TASK STATEMENT =
Only text lines belong in the answer: the lines from the first one in the records through the line with "Dieses Paracordhalsband ist", copied exactly.

DATASET RECORDS =
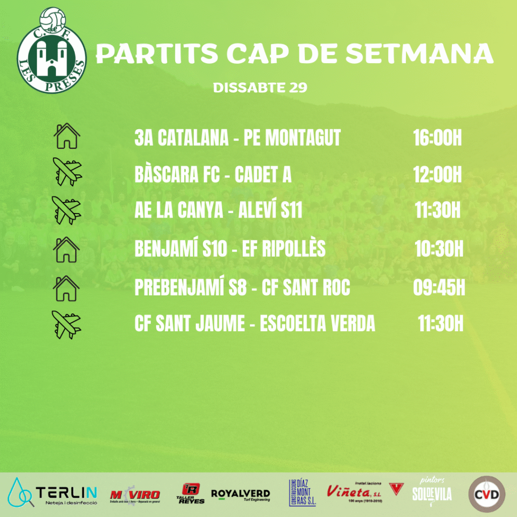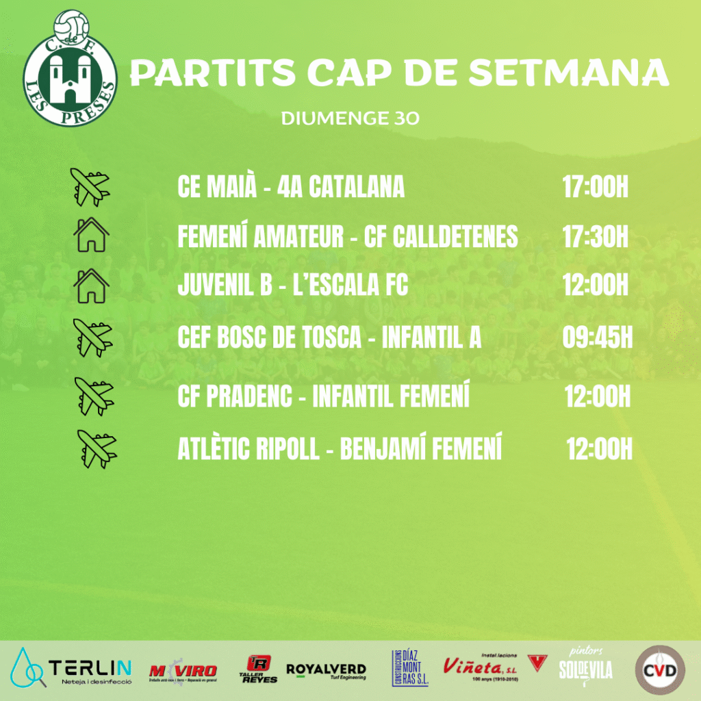 Diumenge també tindrem sis partits més: al matí el Juvenil ‘B’ rebrà a l’Escala. Tots els altres enfrontaments jugarem com a visitants. El Benjamí Femení jugarà al camp de l’Atlètic Ripoll, l’Infantil Femení ho farà a Pradenc i l’Infantil A jugarà el derbi a Bosc de Tosca. A la tarda, torn pels sèniors: el Femení Amateur rebrà al Calldetenes a dos quarts de sis de la tarda i el filial visitarà el complicat camp del Maià a les cinc.
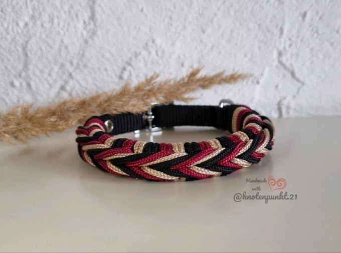 Dieses Paracordhalsband ist längenverstellbar und passt ab einem Halsumfang von 23 cm bis 29 cm. Es ist 1,8 cm breit .
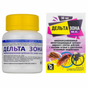 Инсектоакарицидное средство "Дельта Зона м.к." - это микрокапсулированная суспензия в виде вязкой опалесцирующей жидкости белого цвета без запаха. Содержит в качестве действующего вещества (ДВ) пиретроид дельтаметрин (2,5%), а также эмульгаторы, консервант, дисперсионный агент, каисулообразователь, стабилизатор, отдушку и растворитель (вода).
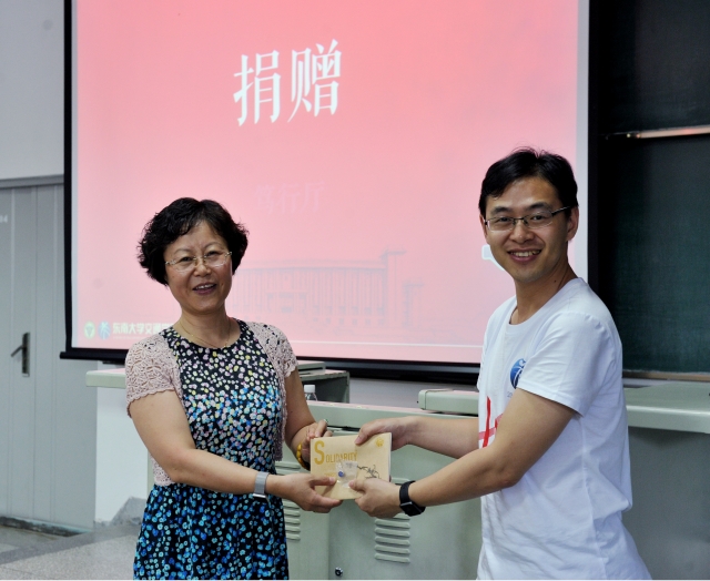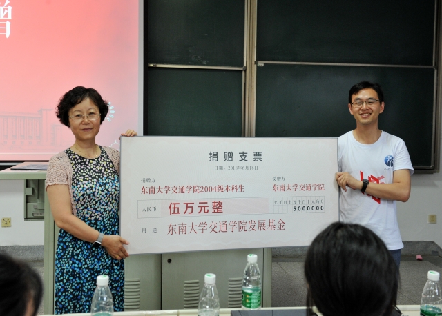 2004级本科生历经浦口、九龙湖、四牌楼校区“两岸三地”,2008年毕业至今十周年一直心系母校、难忘恩情。值毕业十周年相聚之际,他们以年级的名义把学院新大楼活动场所一间冠名为“笃行厅”。年级长胡武林代表全体2008届员工向学院发展基金捐赠人民币伍万元,用于员工活动及中心的建设与维护。秦书记代表学院接受捐赠并向同学们赠送学院明信片和徽章。
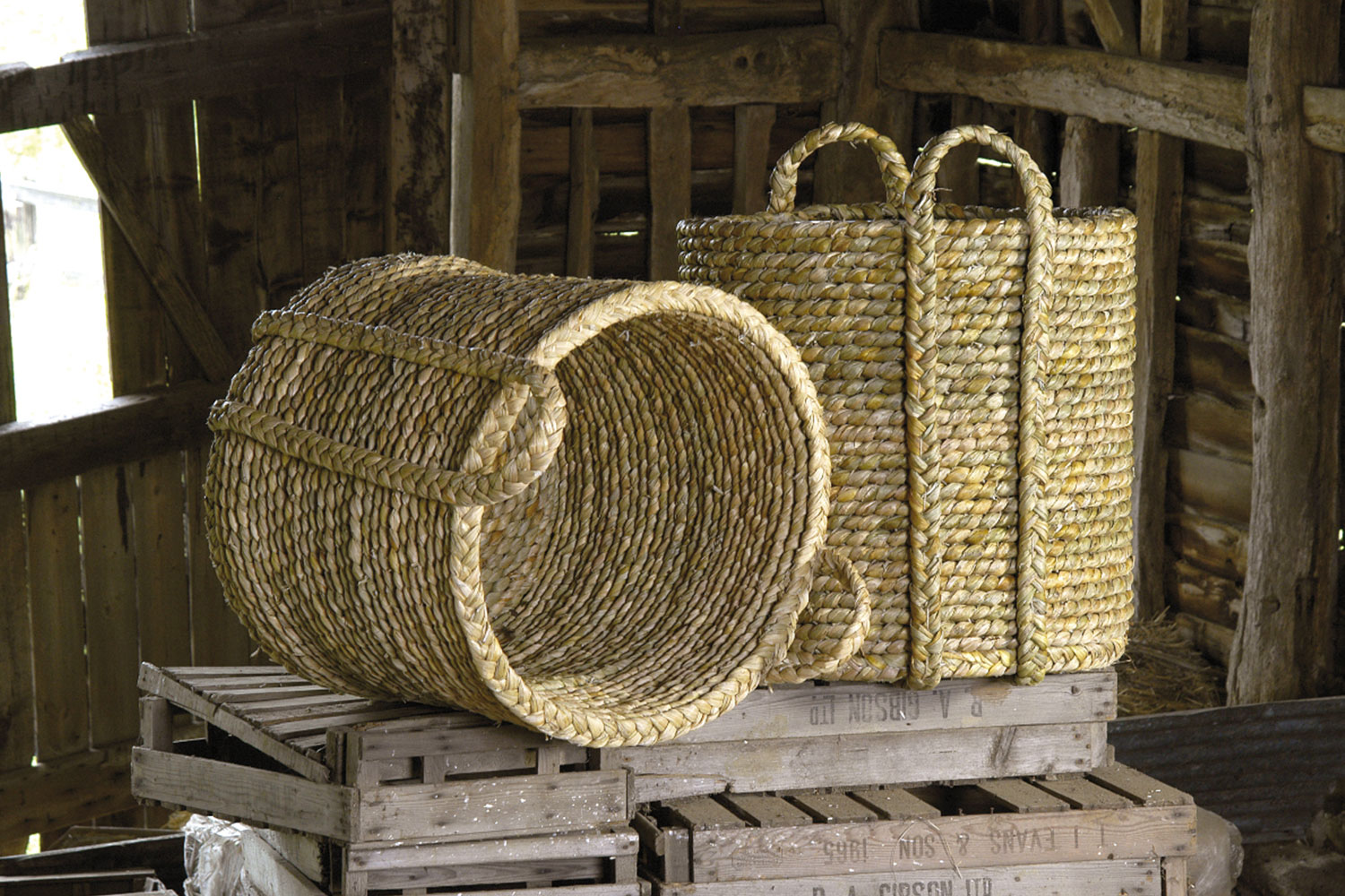 Over 100 metres of English bulrush were used to create these large log baskets. The plait needs to be entirely dry before being hand sewn round a former or mould. The log baskets can be made in many shapes and sizes and should easily last for up to 50 years.
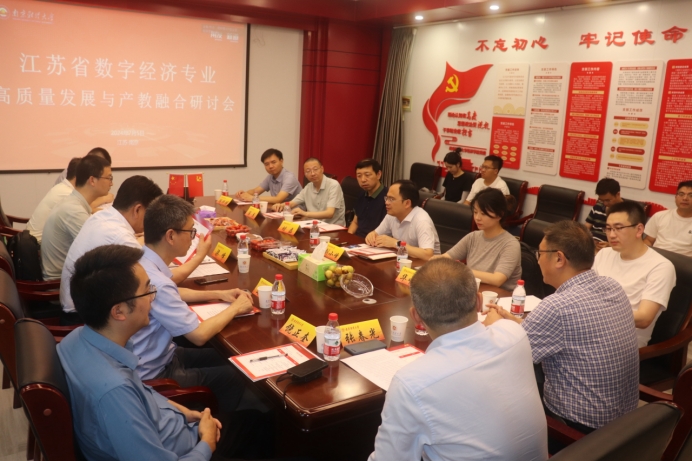 2024年7月5日bat365在线登录网站注册赠送36329会议室成功举办数字经济专业高质量发展与产教融合探讨会。此次研讨会邀请了众多开设数字经济专业的院校代表及业界的资深专家共同参与,旨在深入探讨和推进数字经济专业教育的前沿发展,以及如何培养符合新时代需求的数字化经济人才。与会专家包括:上海财经大学数字经济系副系主任肖升生,泰州学院经济与管理学院院长朱军,苏州大学数字经济与贸易系副主任葛新宇,扬州大学经济系主任时磊,经济系副主任陈杰、陈拼博,宿迁学院王亚宁,以及新道科技股份有限公司的业界代表。我校教务处处长朱红根、bat365在线登录网站注册赠送36副院长(主持工作)刘小峰、数字经济系系主任华中昱、副主任孟浩以及部分教师代表参加会议。

SOLUTION TO THIS PROBLEM =
 Diumenge també tindrem sis partits més: al matí el Juvenil ‘B’ rebrà a l’Escala. Tots els altres enfrontaments jugarem com a visitants. El Benjamí Femení jugarà al camp de l’Atlètic Ripoll, l’Infantil Femení ho farà a Pradenc i l’Infantil A jugarà el derbi a Bosc de Tosca. A la tarda, torn pels sèniors: el Femení Amateur rebrà al Calldetenes a dos quarts de sis de la tarda i el filial visitarà el complicat camp del Maià a les cinc.
 Dieses Paracordhalsband ist längenverstellbar und passt ab einem Halsumfang von 23 cm bis 29 cm. Es ist 1,8 cm breit .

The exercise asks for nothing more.